#### DATA BLOCK:

=======

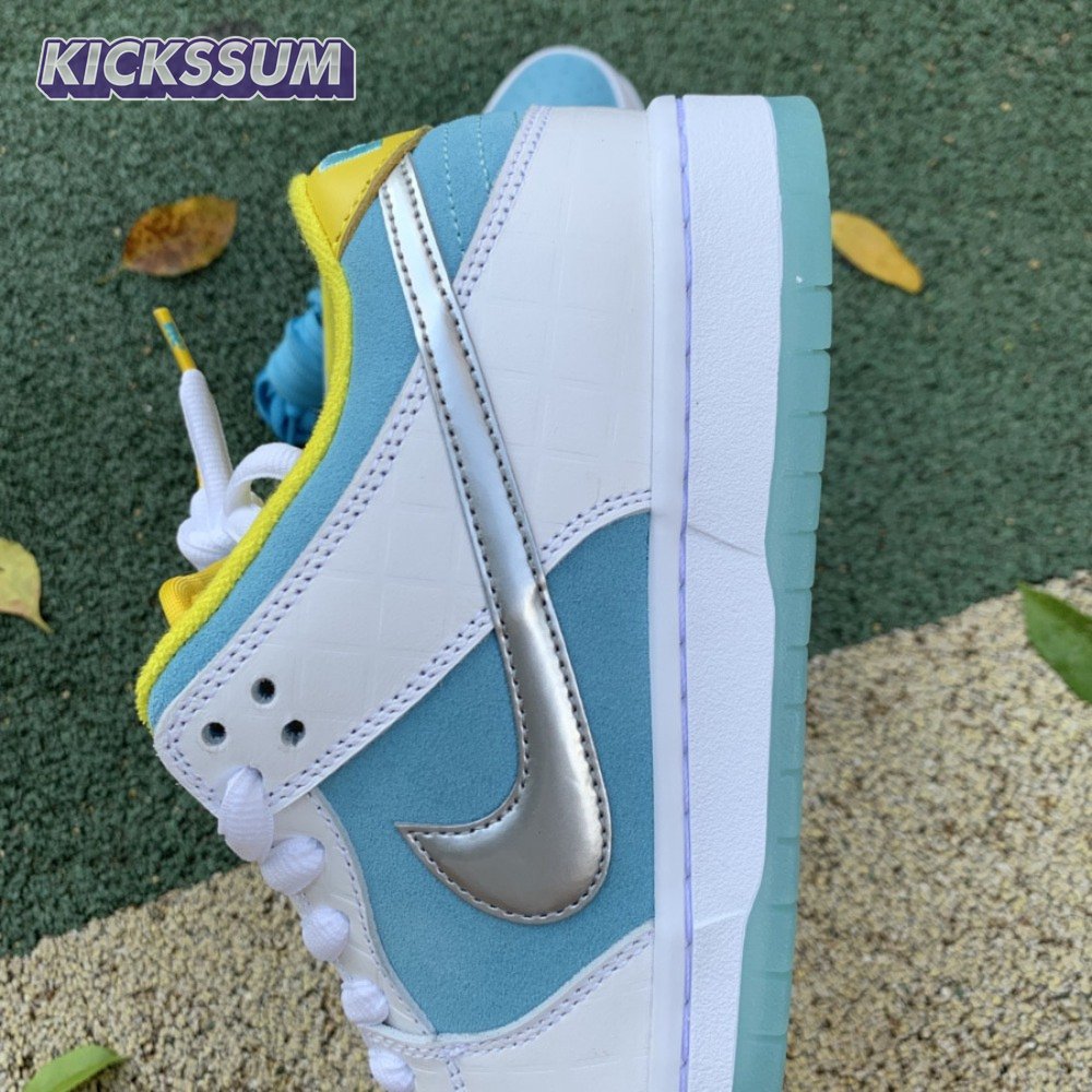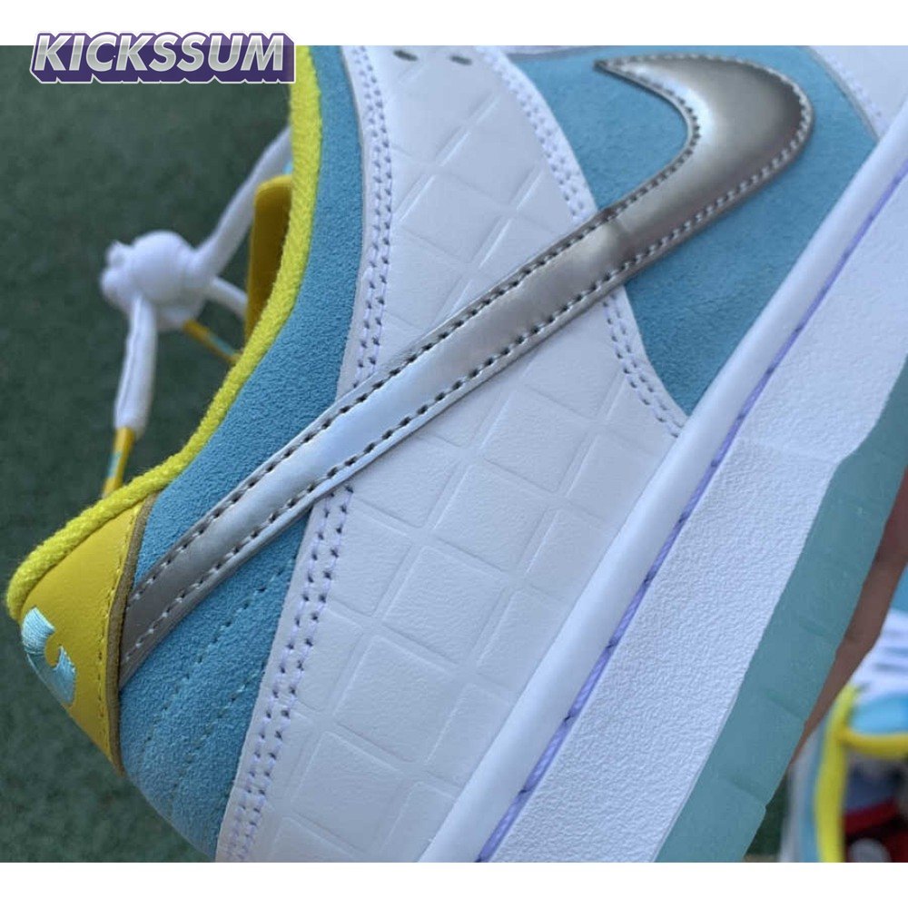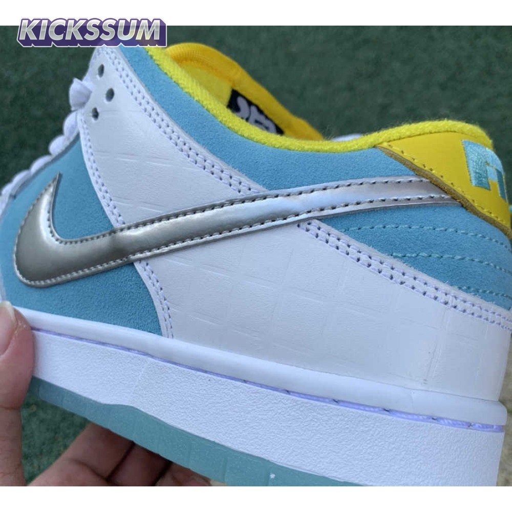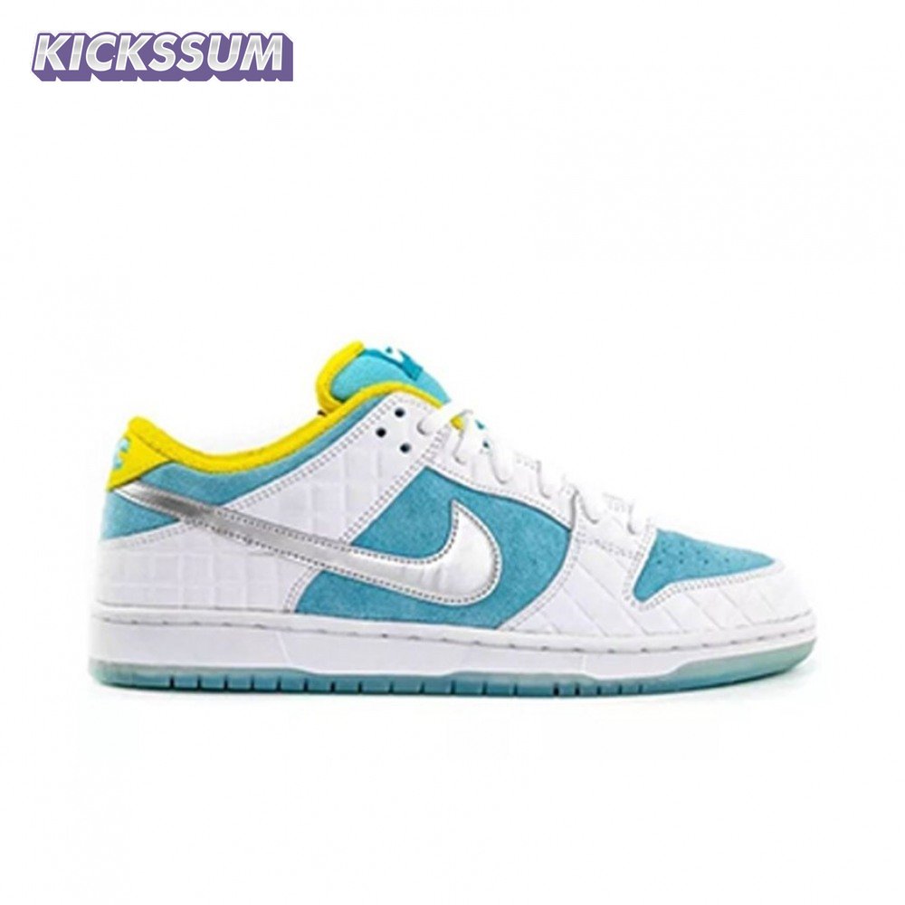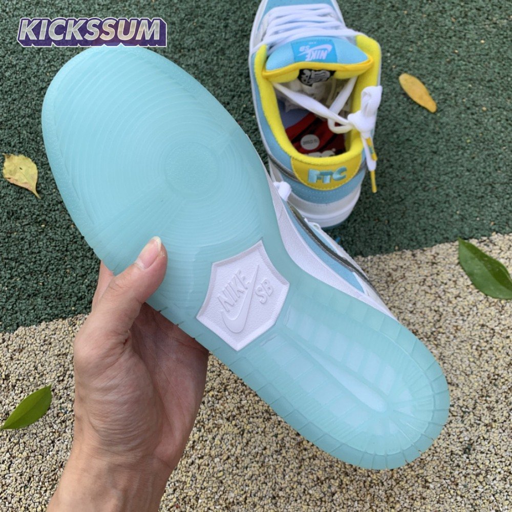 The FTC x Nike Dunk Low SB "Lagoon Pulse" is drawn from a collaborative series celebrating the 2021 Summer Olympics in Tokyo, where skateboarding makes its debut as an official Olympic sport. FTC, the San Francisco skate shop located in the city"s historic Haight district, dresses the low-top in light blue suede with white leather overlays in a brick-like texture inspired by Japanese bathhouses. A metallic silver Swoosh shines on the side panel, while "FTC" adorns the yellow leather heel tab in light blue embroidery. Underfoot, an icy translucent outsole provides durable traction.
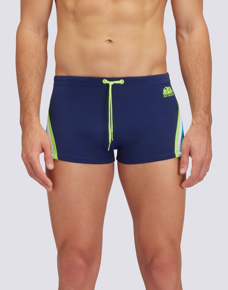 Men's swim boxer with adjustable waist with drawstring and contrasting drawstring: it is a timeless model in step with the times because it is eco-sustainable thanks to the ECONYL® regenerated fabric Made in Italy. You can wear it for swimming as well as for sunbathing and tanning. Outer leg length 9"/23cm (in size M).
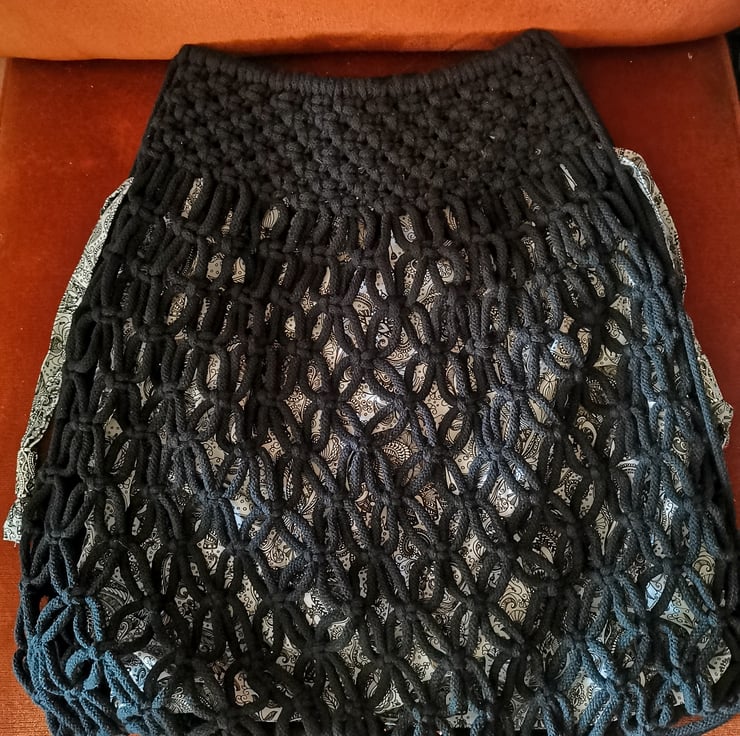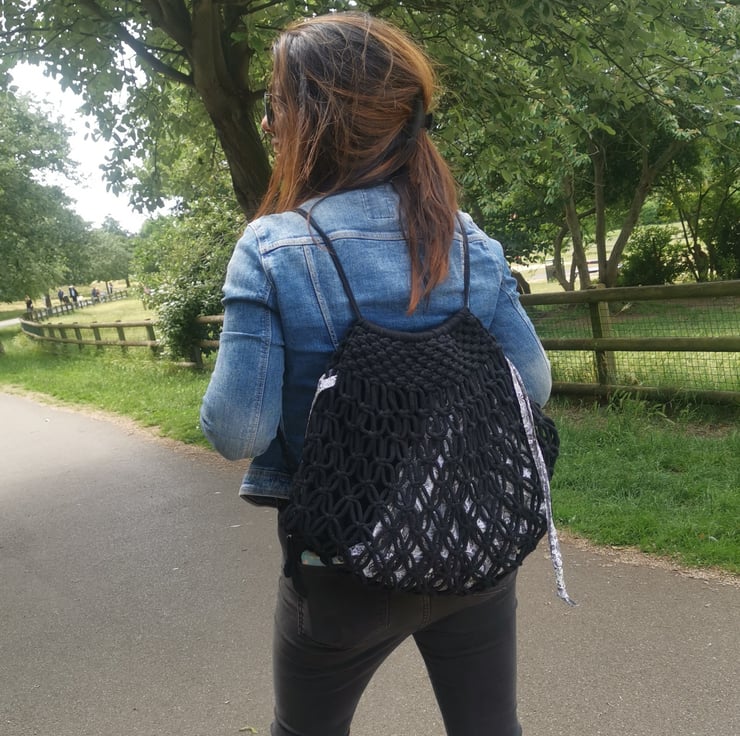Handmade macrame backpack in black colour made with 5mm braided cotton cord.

=======

#### THE TASK:
The result should be the full listing, retyped exactly and free of pictures.

#### TASK RESULT:
 The FTC x Nike Dunk Low SB "Lagoon Pulse" is drawn from a collaborative series celebrating the 2021 Summer Olympics in Tokyo, where skateboarding makes its debut as an official Olympic sport. FTC, the San Francisco skate shop located in the city"s historic Haight district, dresses the low-top in light blue suede with white leather overlays in a brick-like texture inspired by Japanese bathhouses. A metallic silver Swoosh shines on the side panel, while "FTC" adorns the yellow leather heel tab in light blue embroidery. Underfoot, an icy translucent outsole provides durable traction.
 Men's swim boxer with adjustable waist with drawstring and contrasting drawstring: it is a timeless model in step with the times because it is eco-sustainable thanks to the ECONYL® regenerated fabric Made in Italy. You can wear it for swimming as well as for sunbathing and tanning. Outer leg length 9"/23cm (in size M).
Handmade macrame backpack in black colour made with 5mm braided cotton cord.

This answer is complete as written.